Tuesday, September 23, 2003

Stretching the Bounds of Humor

I’ve started doing yoga in a class once a week, instead of just by myself in my own little studio.  It’s fun and I can really feel the impact of each class for days afterwards.  However, I can’t seem to “empty my mind.” Even when I’m contorted uncomfortably, telling myself that my own breath is the only worthy focus of my concentration, my brain is goofing off.  Two shameful examples, which might not make much sense to folk who don’t know their asanas from their elbows:

* They’re telling us that we’re doing hatha yoga.  Well, I can’t do everything that everybody else is doing - I have no balance, only midrange flexibility.  What the hell, I rationalize, I’ll do what I can.  Hatha yoga is better than none.

* I’m remembering that yoga is a lifestyle, and that lifestyle includes vegetarianism.  But I’ve been on a modified Atkins diet for a while and meat is a big part of my life these days.  As I settle into a strong pose and feel the prana course through the soles of my feet and up my legs, I wonder what’s for supper.  Maybe a burrito.  This pose makes me hungry for meat.  It’s the carne asana. 
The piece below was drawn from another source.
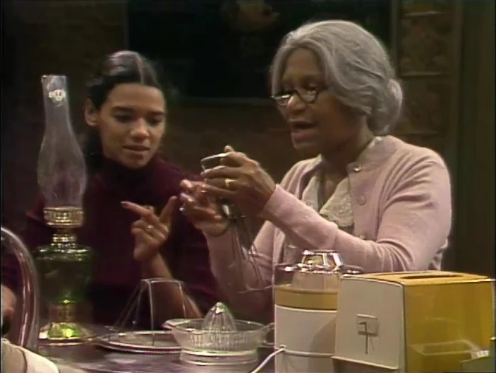 SCENE 5 | At night, Grandma raids the back room of the store and finds various old-fashioned items she recalls using back in her day before there were so many electric appliances. She shows David and Maria a hand mixer, a toast maker, a juicer, and a kerosene lamp. David flaunts the modern equivalents of these and demonstrates them, causing a fuse to blow in the store. Grandma lights the lamp, proving they can still be useful. |

There are more, even worse, miscarriages of language that occur to me when I’m in the yoga class, which I will not impose on you.  But maybe I need to take up a less contemplative form of fitness.  Jazzercizers probably don’t feel like they need to slap themselves for thinking up dumb Bob Fosse jokes during their sessions.  Then again, I would probably make everybody else laugh by my antics, like screwing up and falling over.  Maybe it’s better to enjoy a private joke than to become a public one.